-- INFORMATION SHOWN follows --
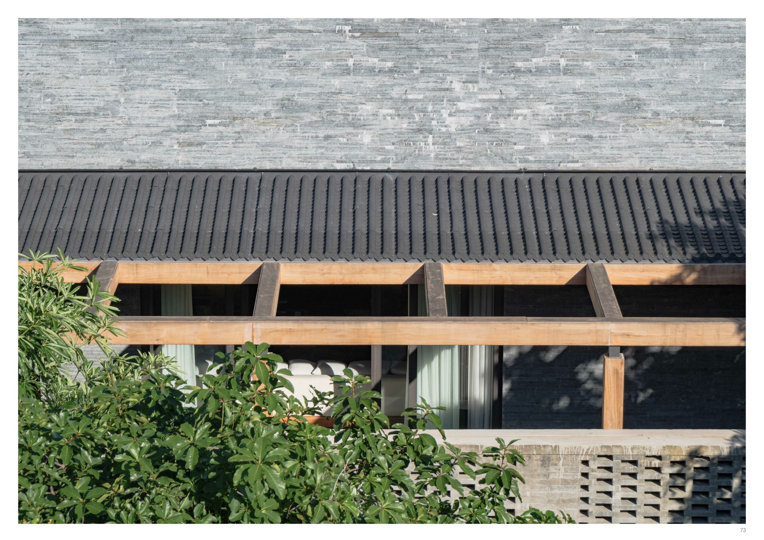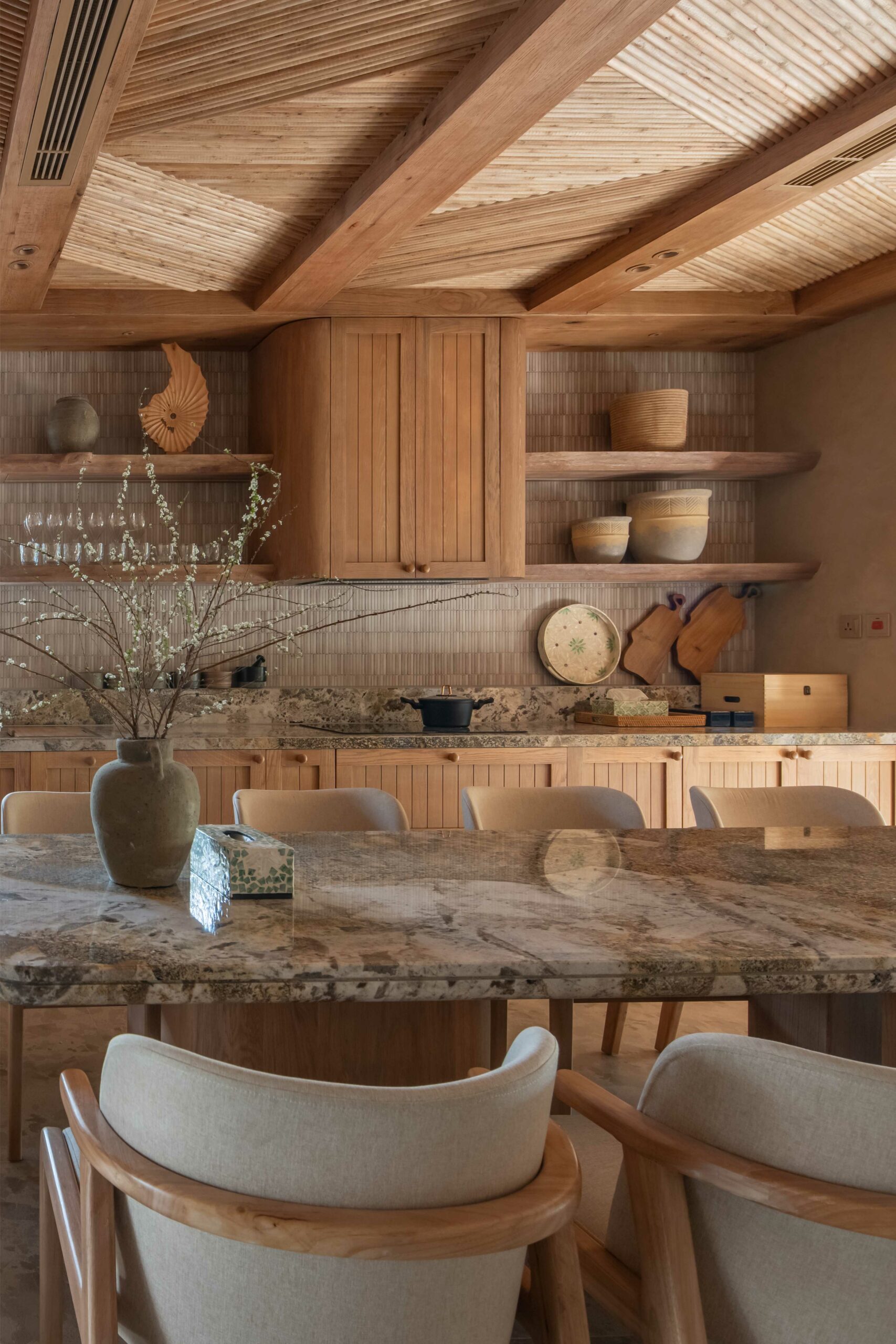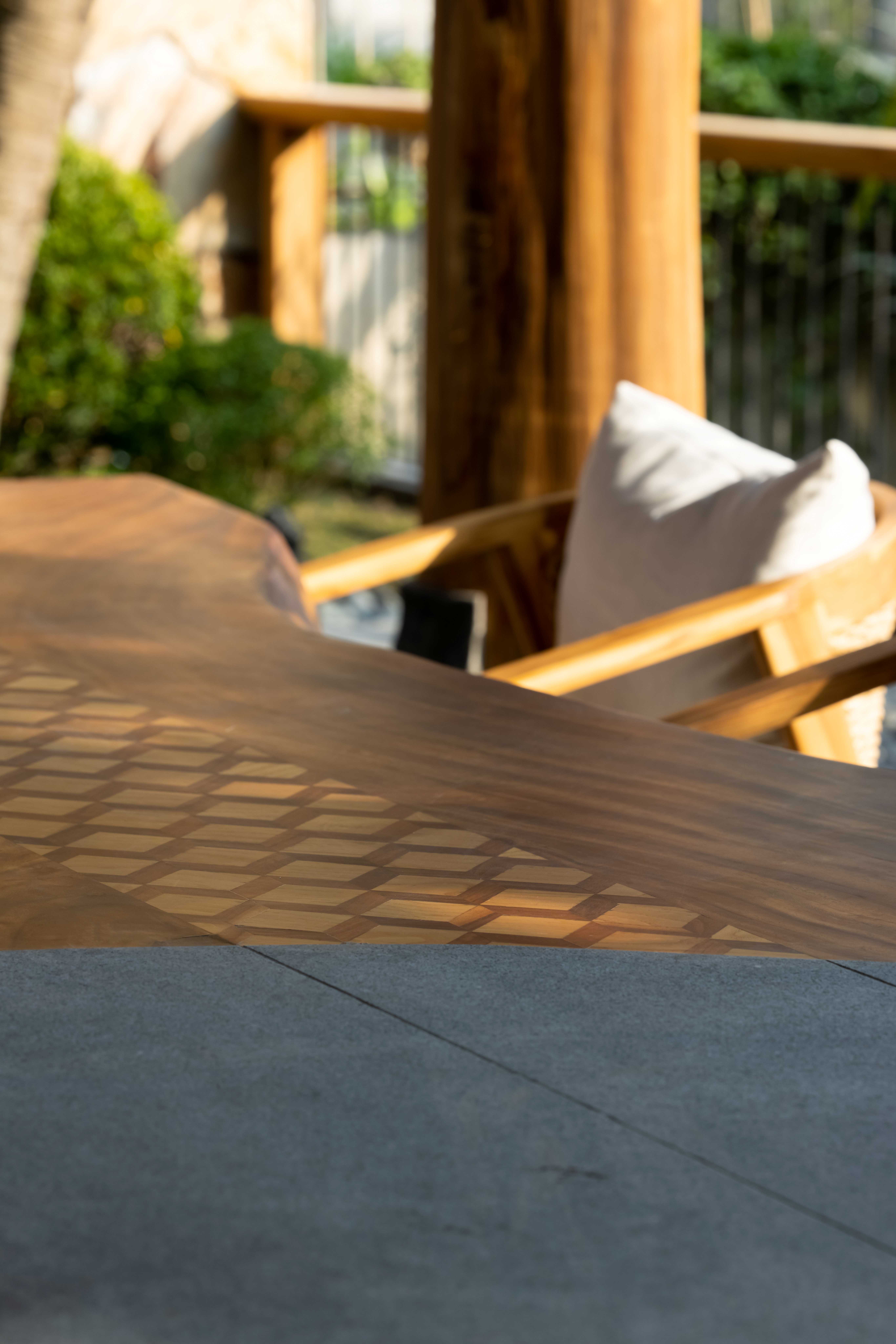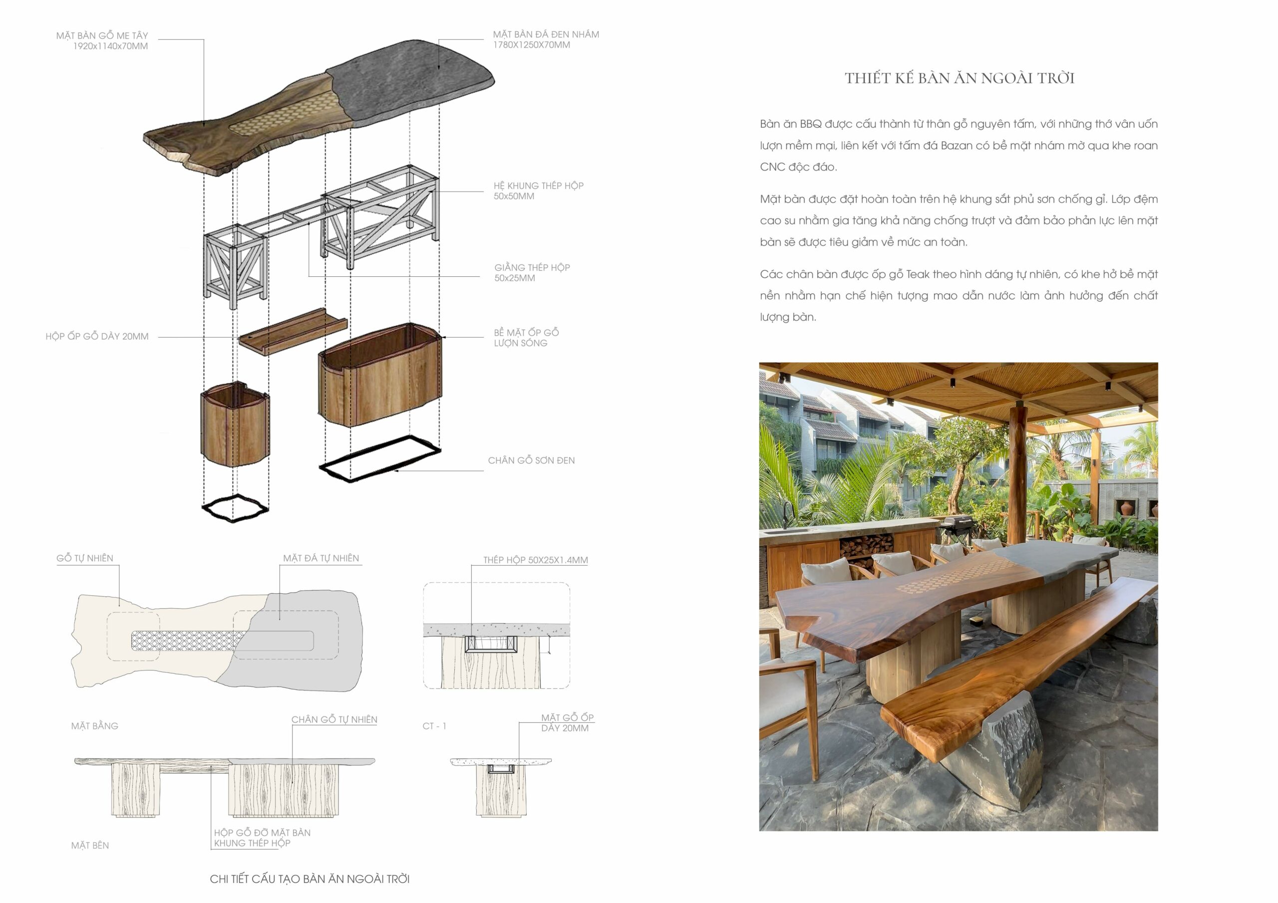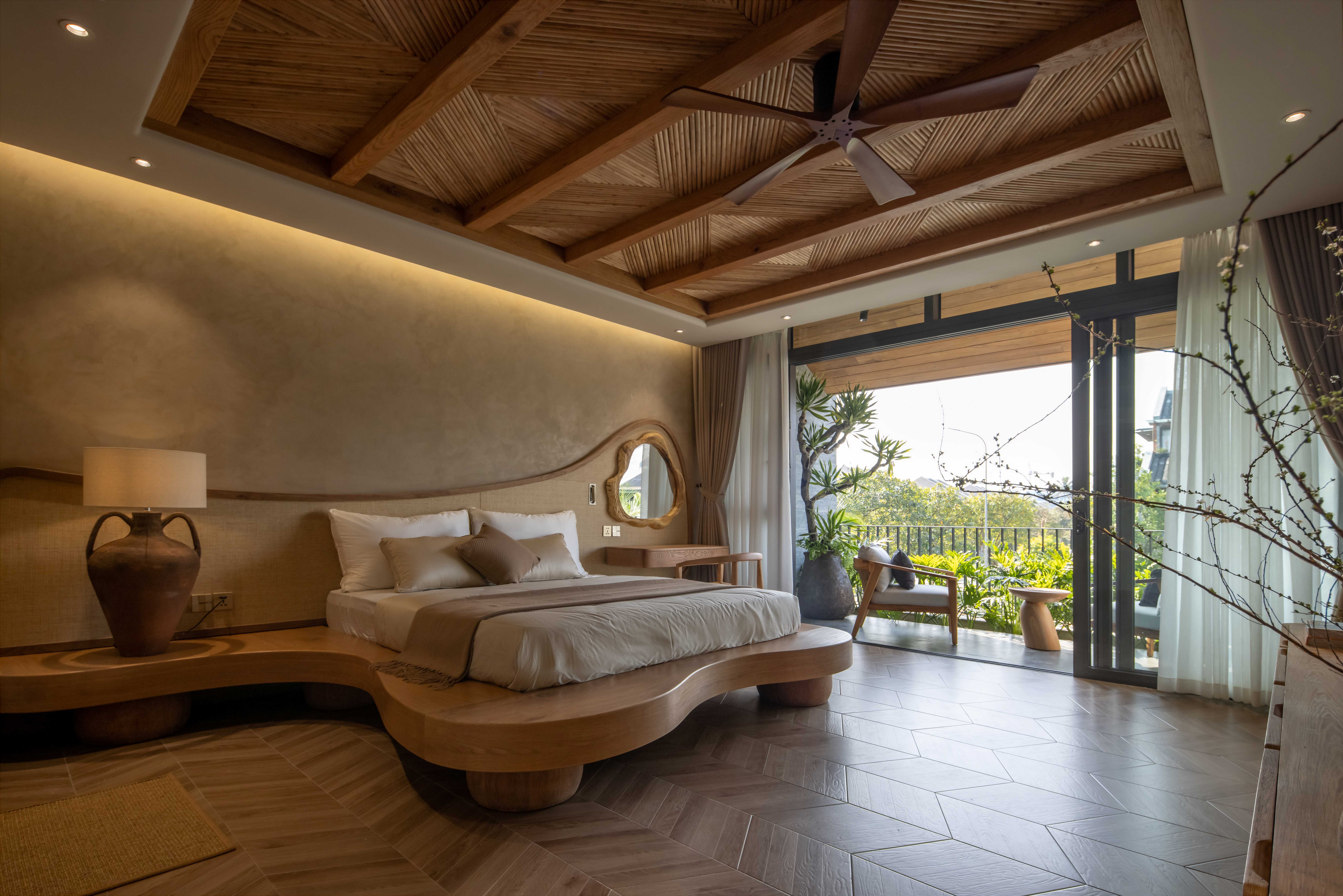 Hệ mái che ngoài trời sử dụng kết cấu gỗ teak, kết hợp mái ốp từ gỗ Tràm – loại gỗ gắn liền với kiến trúc dân gian – được xử lý thủ công theo quy cách họa tiết truyền thống.
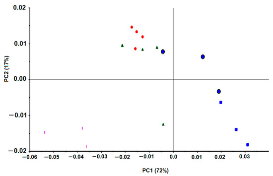 H. pylori J99 was submitted to clarithromycin, one of the most common antibiotics applied against H. pylori infection. This antibiotic MIC, against J99 H. pylori, was 15 mg/L. The PCA score-plot shown in Figure 7 represents quadruplicate experiments, where blue symbols correspond to bacteria incubations with a drug concentration below the MIC, the red symbols to the MIC, and the remaining colors (green and pink) to values above the MIC. Diverse data from replicated experiments were superimposed. All this reinforces that FTIR spectroscopy captured the effect of the concentration of the drug on the bacteria molecular profile in a reproducible mode and with high specificity and sensitivity.
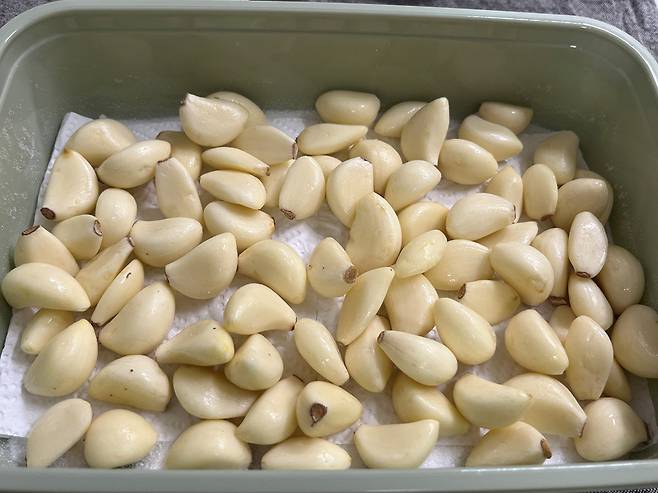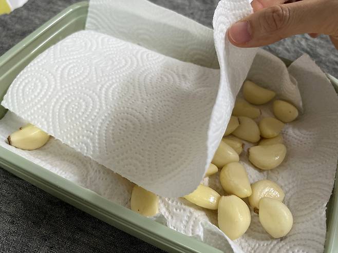 그 위에 키친타월을 한 겹 깔고 마늘을 보관하세요. 키친타월이 남은 습기를 한 번 더 흡수해 마늘이 눅눅해지는 것을 막아주고, 통풍 효과까지 있어 보관 기간을 더 늘릴 수 있습니다. 설탕 → 키친타월 → 마늘 순으로 보관하면 훨씬 오래 신선하게 유지됩니다.
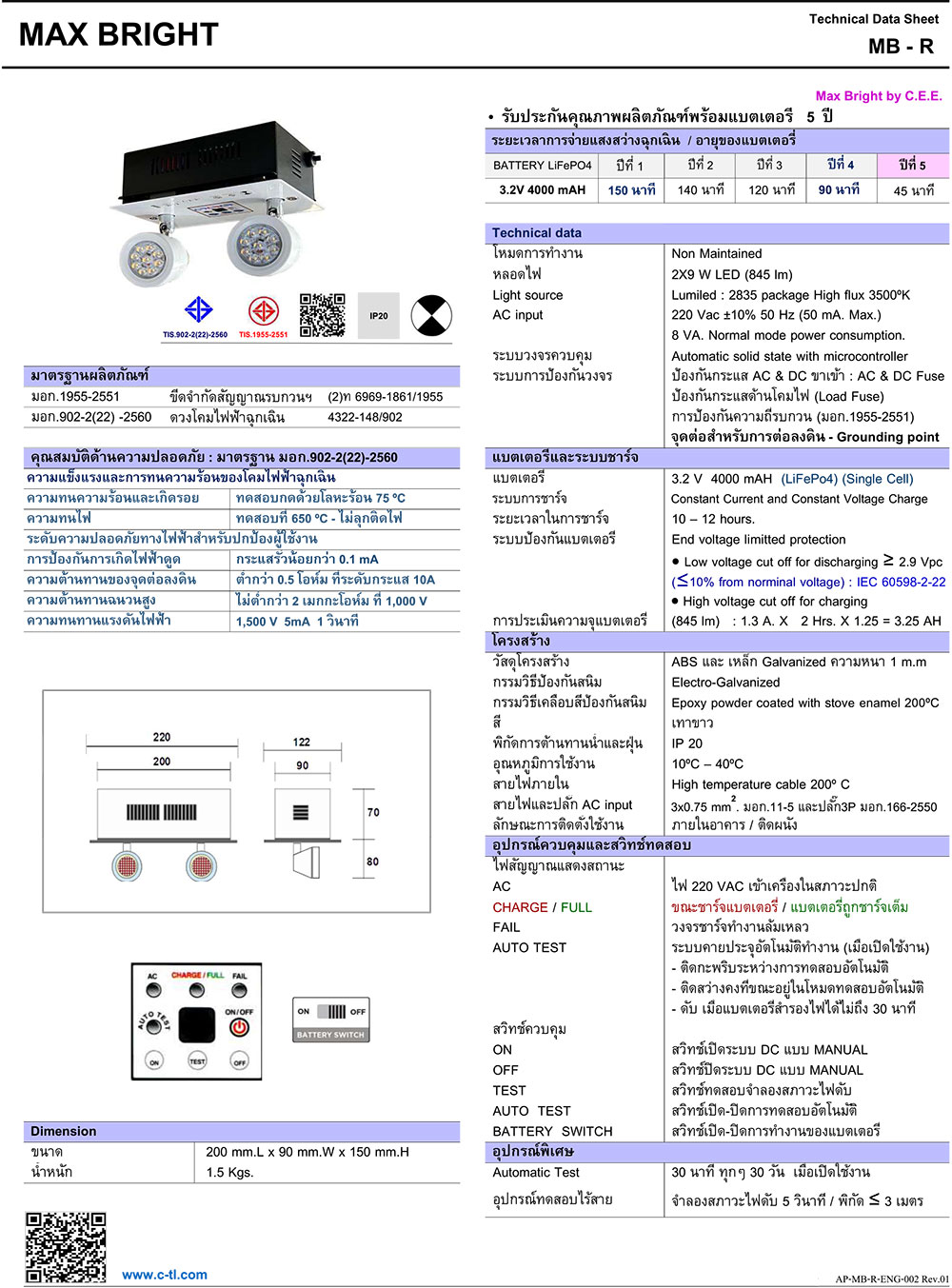 โคมไฟฉุกเฉินยี่ห้อ แม๊กไบรท์ แบบฝังฝ้า แอลอีดี 9W 2 หลอด และ สำรองไฟได้ 2 ชั่วโมง
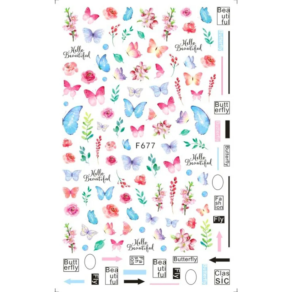 New Luxury Nail Design Colorful Butterfly Nail Sticker 3D Fruit Floral Nail Art Slider Geometric Nail Art Accessories Sticker
-- INFORMATION SHOWN concluded --
TASK DIRECTIONS: Give back, unaltered, each line of the listing from the first to the line that contains "โคมไฟฉุกเฉินยี่ห้อ แม๊กไบรท์ แบบฝังฝ้า", leaving every picture out.

EXERCISE RESULT:
 Hệ mái che ngoài trời sử dụng kết cấu gỗ teak, kết hợp mái ốp từ gỗ Tràm – loại gỗ gắn liền với kiến trúc dân gian – được xử lý thủ công theo quy cách họa tiết truyền thống.
 H. pylori J99 was submitted to clarithromycin, one of the most common antibiotics applied against H. pylori infection. This antibiotic MIC, against J99 H. pylori, was 15 mg/L. The PCA score-plot shown in Figure 7 represents quadruplicate experiments, where blue symbols correspond to bacteria incubations with a drug concentration below the MIC, the red symbols to the MIC, and the remaining colors (green and pink) to values above the MIC. Diverse data from replicated experiments were superimposed. All this reinforces that FTIR spectroscopy captured the effect of the concentration of the drug on the bacteria molecular profile in a reproducible mode and with high specificity and sensitivity.
 그 위에 키친타월을 한 겹 깔고 마늘을 보관하세요. 키친타월이 남은 습기를 한 번 더 흡수해 마늘이 눅눅해지는 것을 막아주고, 통풍 효과까지 있어 보관 기간을 더 늘릴 수 있습니다. 설탕 → 키친타월 → 마늘 순으로 보관하면 훨씬 오래 신선하게 유지됩니다.
 โคมไฟฉุกเฉินยี่ห้อ แม๊กไบรท์ แบบฝังฝ้า แอลอีดี 9W 2 หลอด และ สำรองไฟได้ 2 ชั่วโมง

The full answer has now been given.